1

目前我正在尝试lingspam dataset通过计算 600 个文件(400 封电子邮件和 200 封垃圾邮件)中单词的出现来进行处理。我已经用Porter StemmerAglorithm使每个单词都通用,我还希望我的结果在每个文件中都标准化,以便进一步处理。但我不确定我如何能做到这一点..

迄今为止的资源

为了获得下面的输出,我需要能够按升序添加文件中可能不存在的项目。

printing from ./../lingspam_results/spmsgb164.txt.out
[('money', 0, 'univers', 0,  'sales', 0)]
printing from ./../lingspam_results/spmsgb166.txt.out
[('money', 2, 'univers', 0,  'sales', 0)]
printing from ./../lingspam_results/spmsgb167.txt.out
[('money', 0, 'univers', 0,  'sales', 1)]

然后我计划将其转换为vectors使用numpy.

[0,0,0]
[2,0,0]
[0,0,0]

代替..

printing from ./../lingspam_results/spmsgb165.txt.out
[]
printing from ./../lingspam_results/spmsgb166.txt.out
[('univers', 2)]
printing from ./../lingspam_results/spmsgb167.txt.out
[('sale', 1)]

如何将Counter模块中的结果标准化为Ascending Order(同时还将项目添加到我的可能不存在的计数器结果中search_list)?我已经在下面尝试了一些东西,它只是从每个文本文件中读取并基于search_list.

import numpy as np, os
from collections import Counter

def parse_bag(directory, search_list):
    words = []
    for (dirpath, dirnames, filenames) in os.walk(directory):
        for f in filenames:
            path = directory + "/" + f
            count_words(path, search_list)
    return;

def count_words(filename, search_list):
    textwords = open(filename, 'r').read().split()
    filteredwords = [t for t in textwords if t in search_list]
    wordfreq = Counter(filteredwords).most_common(5)
    print "printing from " + filename
    print wordfreq

search_list = ['sale', 'univers', 'money']
parse_bag("./../lingspam_results", search_list)

谢谢

4

3 回答 3

3

从您的问题来看,听起来您的要求是您希望在所有文件中以一致的顺序排列相同的单词,并进行计数。
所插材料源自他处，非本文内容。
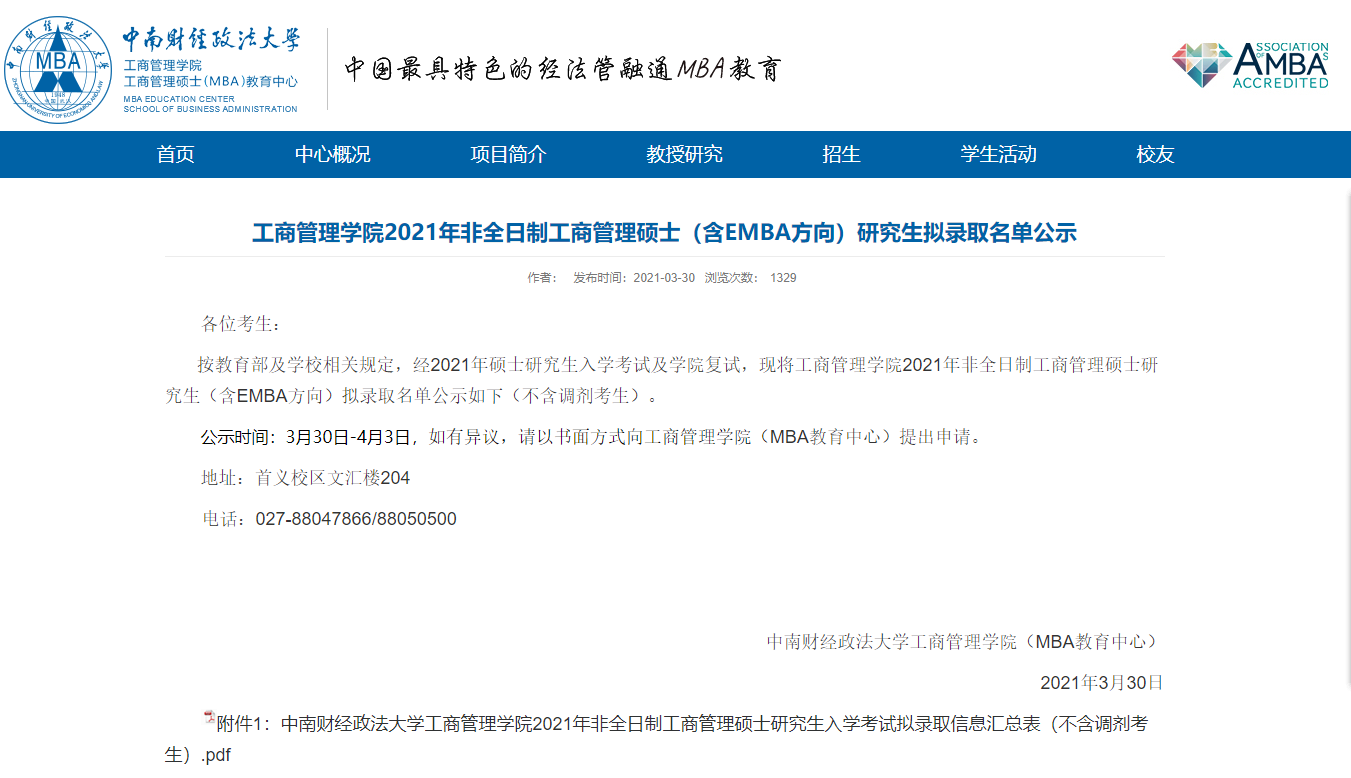 原文標(biāo)題:中南財(cái)經(jīng)政法大學(xué)工商管理學(xué)院2021年非全日制工商管理碩士(含EMBA方向)研究生擬錄取名單公示

这应该为你做:

def count_words(filename, search_list):
    textwords = open(filename, 'r').read().split()
    filteredwords = [t for t in textwords if t in search_list]
    counter = Counter(filteredwords)
    for w in search_list:
        counter[w] += 0        # ensure exists
    wordfreq = sorted(counter.items())
    print "printing from " + filename
    print wordfreq

search_list = ['sale', 'univers', 'money']

样本输出:

printing from ./../lingspam_results/spmsgb164.txt.out
[('money', 0), ('sale', 0), ('univers', 0)]
printing from ./../lingspam_results/spmsgb166.txt.out
[('money', 2), ('sale', 0), ('univers', 0)]
printing from ./../lingspam_results/spmsgb167.txt.out
[('money', 0), ('sale', 1), ('univers', 0)]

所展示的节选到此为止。